As a fan of Newfoundland and its culture, I was recommended the novel The Shipping News by E. Annie Proulx. For the first time I was not hesitant to pick up the book that shined proudly with the silver of the Pulitzer Prize. I began to read, not quite
sure of what to expect or what the characters would bring but quickly I was drawn in.

The novel is the story of a man Quoyle, whose luck has been far from good. In the first few chapters we are made aware of the trials that occur over a short period of time. During these hardships, Quoyle's aunt, Agnis Hamm appears in search of something that has haunted her life for years and in the mean time encourages Quoyle to abandon his awful job and even more awful life to come and live with her in the house that she was
raised in. From there he takes a job working at a local newspaper called, "The Shipping News" where he is thrust into a scene full of ship and car wrecks and town folk who care
little for anything other than gossip.

Throughout the novel we are introduced to insightful, interesting, characters who come off as the type of folk you'd find in any small town. The traveler not native to the land (and with plans to leave soon), the old boss who prefers fishing to actual work in the newspaper office, and the antagonist who spends time trying to debunk Quoyle's work, are just a few of the interesting people we encounter. In between is a great tale of love that forms between two people enveloped with grief. The progression is honey like; slow, sweet. It is not the main focus of the novel but in all reality, there really isn't one focus.

Essentially, I believe Proulx set out to write a novel about people. As a reader you become more aware of what the characters are doing than what the actual plot is and it makes for an interesting read. We see the evolution of characters and the heavy process that healing entails, and we are able to familiarize ourselves with at least one of the characters. If not, they become our friends. We see the man who sits alone every day on the same stool of a restaurant. We know the waitress that calls certain customers by name because she has gotten used to their regularity. Quoyle's insecurities are the ones we deal with every day and because of all of this, we are easily drawn into the book.

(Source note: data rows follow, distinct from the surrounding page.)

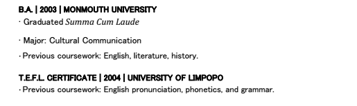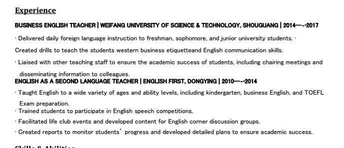 美國(guó)取得的本科學(xué)位,TEFL,多年教學(xué)經(jīng)驗(yàn),發(fā)音不錯(cuò) |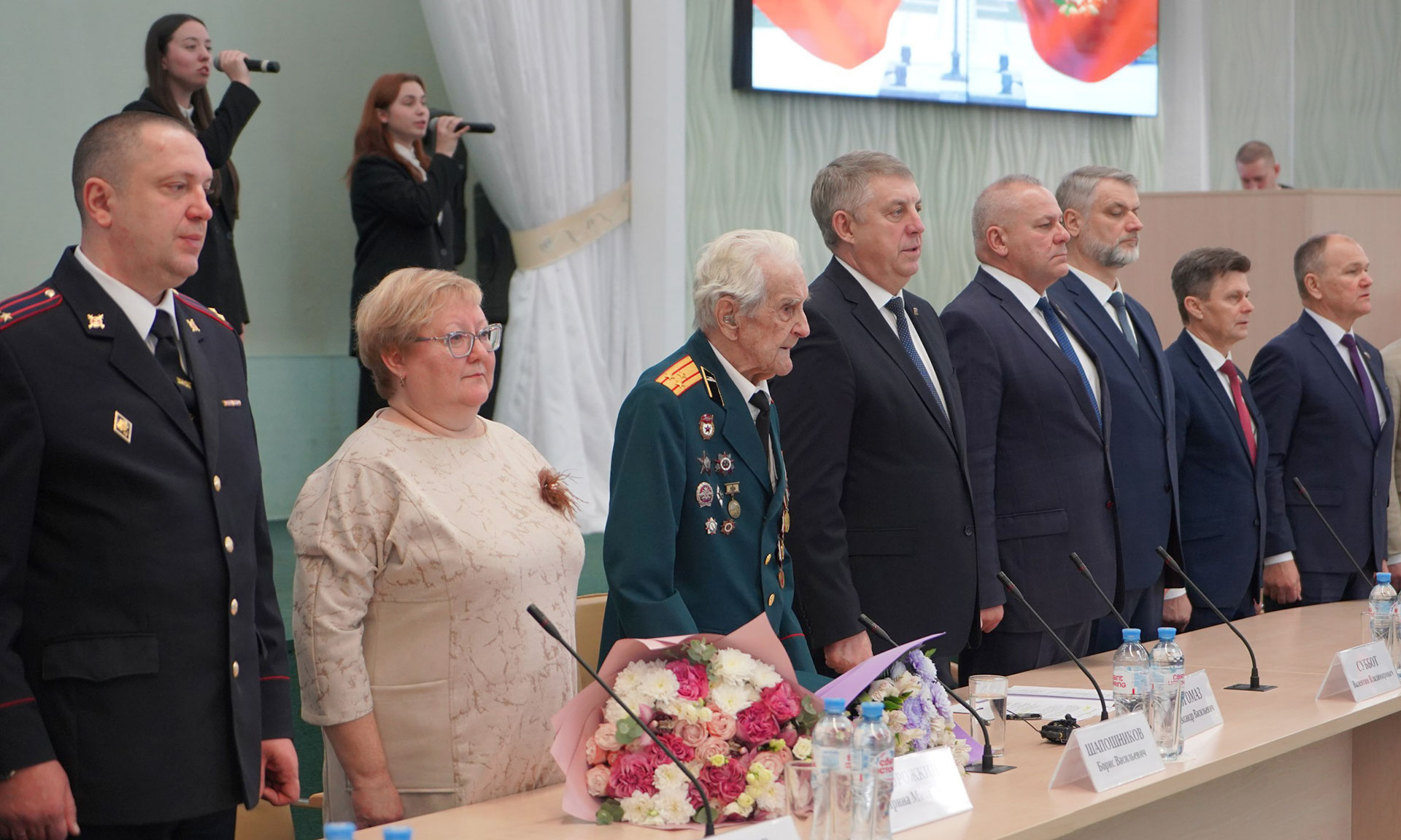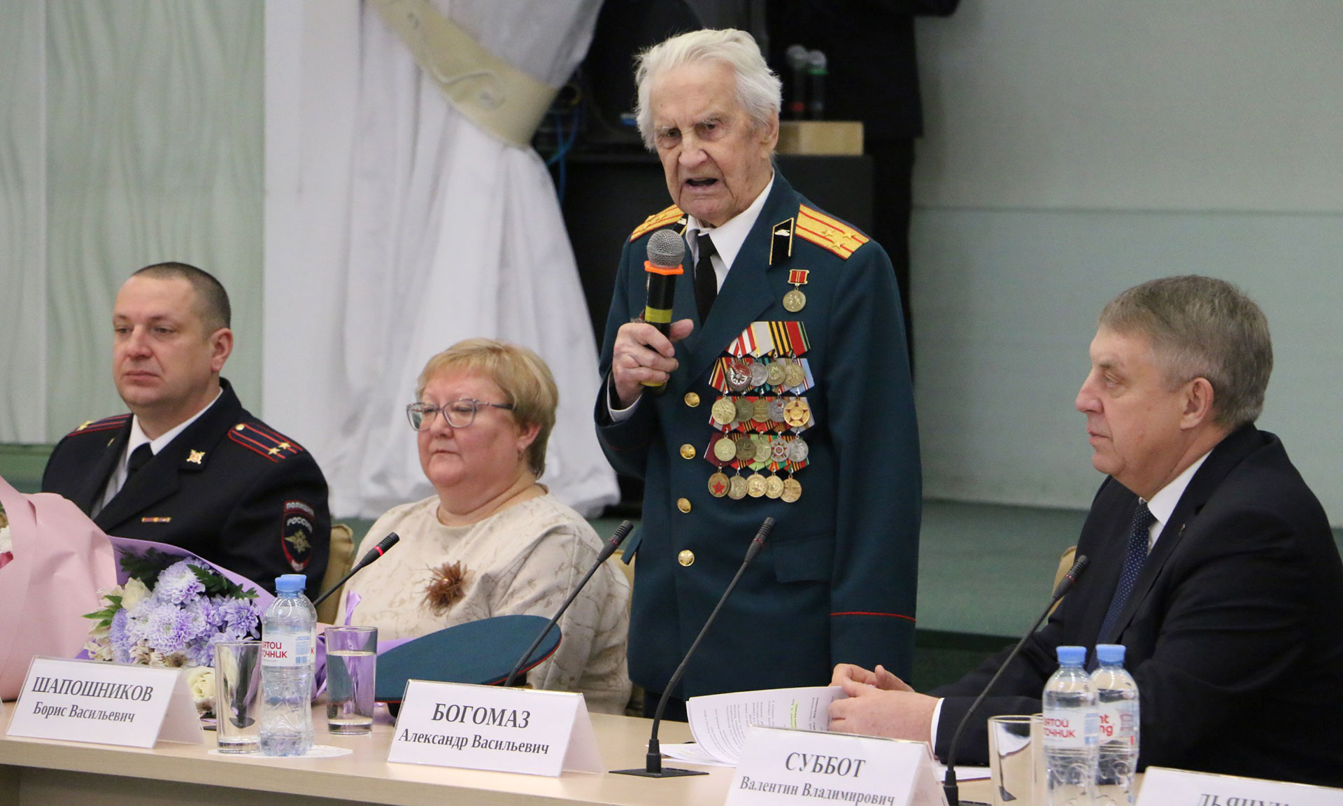 Ветеран Великой Отечественной войны, почётный гражданин города Брянска Борис Васильевич Шапошников обратился к участникам собрания с приветственным словом: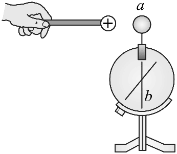 由图可知,验电器本来不带电,由于同种电荷相互排斥,异种电荷相互吸引,正金属球靠近不带电验电器金属小球 a,使得金属球 a 带负电荷,从而导致金属箔 b 带上正电荷。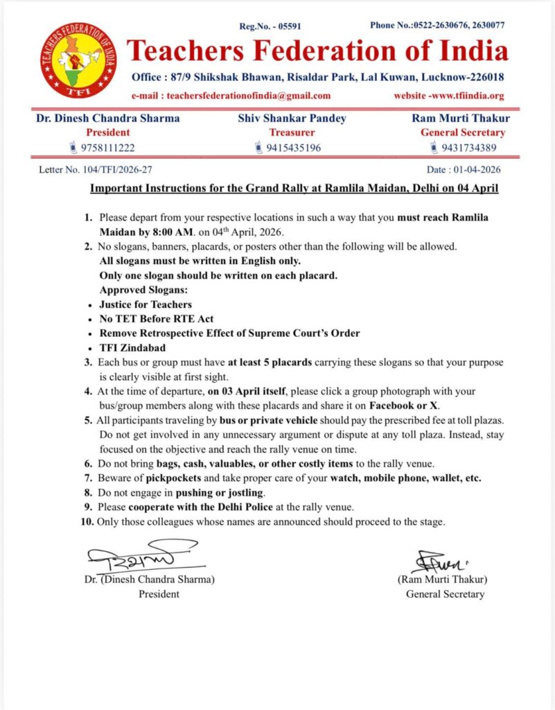 टीईटी अनिवार्यता के खिलाफ बड़ी रैली का हुआ आयोजन टीचर्स फेडरेशन ऑफ इंडिया ने कहा केंद्र सरकार सुप्रीम कोर्ट के आदेश को खत्म करने लिए कानून बनाए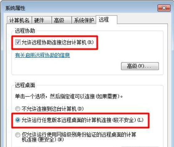 右键点击“计算机”选择“属性”,点击“远程设置”,勾选“允许远程协助连接这台计算机”和“允许远程任意版本的远程桌面的计算机程序”。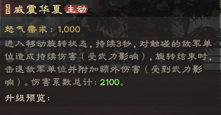 威震华夏可旋转对触碰敌军造成伤害,旋转结束后可造成击退,由于关羽的武力成长较高,所以能通过主动技打出较高伤害。关羽的技能系数较高,但相比于常规技能系武将,缺少暴击乘区,要通过持续作战下的反击伤害来提升伤害总量。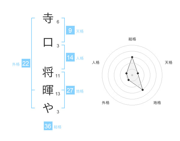 寺口 将暉やさんを姓名の画数から五運を鑑定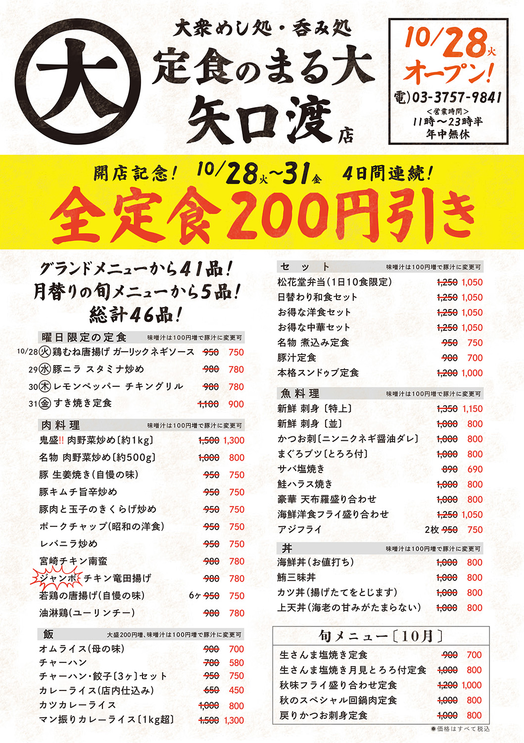 安い!旨い!満腹!全定食200円引きセール4日間限定!! 昭和な大衆食堂『定食のまる大』矢口渡店10/28オープン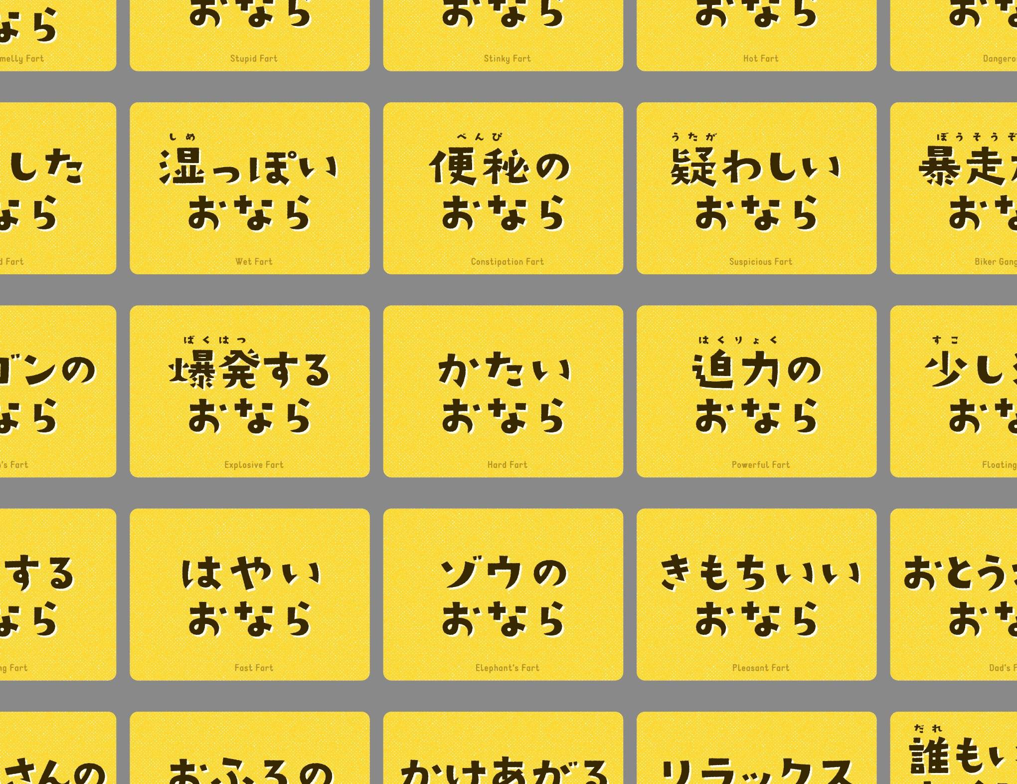 - おならカードの組合せは狂気の800万通り超え!子どもから大人までおならを楽しめます。

Proulx has mastered and written word and her description is so wonderful that you are able to see each person and each scene vividly. Each time a name is mentioned you can draw up the picture of the person who's face was mentioned in one of the earlier chapters.

Quoyle is described early on as, "A great damp loaf of a body. At six he weighed eighty pounds. At sixteen he was buried under a casement of flesh. Head shaped like a crenshaw, no neck, reddish hair ruched back. Features as bunched as kissed fingertips.

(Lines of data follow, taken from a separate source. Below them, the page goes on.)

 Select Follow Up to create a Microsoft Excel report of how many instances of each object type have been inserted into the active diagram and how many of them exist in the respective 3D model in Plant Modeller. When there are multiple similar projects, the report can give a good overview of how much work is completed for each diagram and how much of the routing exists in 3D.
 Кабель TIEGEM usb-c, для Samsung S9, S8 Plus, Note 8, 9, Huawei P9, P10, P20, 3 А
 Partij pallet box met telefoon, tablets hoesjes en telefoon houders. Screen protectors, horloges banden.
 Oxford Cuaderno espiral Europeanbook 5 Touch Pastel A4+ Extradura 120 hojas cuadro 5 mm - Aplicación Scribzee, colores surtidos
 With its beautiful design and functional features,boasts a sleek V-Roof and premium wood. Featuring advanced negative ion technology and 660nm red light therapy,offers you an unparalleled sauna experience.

Eyes the color of plastic. The monstrous chin, a freakish shelf jutting from the lower face." Throughout the novel we are reminded of this image when Quoyle hides his chin in embarrassment.

This novel is overall humorous due to funny scenarios and memorable jokes, however there is an overwhelming feeling of serious backed behind this. Each character is subject to the terrible things of the world and each person partakes in soul
searching in order to achieve a level of normality in their lives.

I was very touched by how these people from a small town in Newfoundland, Canada lived their lives. I was amazed at how Proulx could take these ordinary folks and make them interesting. And I was blow away at how much compassion I could feel in the last few pages and blown away by the change that was underwent. This novel is inspiring, amazing, and a great read and if you have even half a heart you will fall in love as I have done.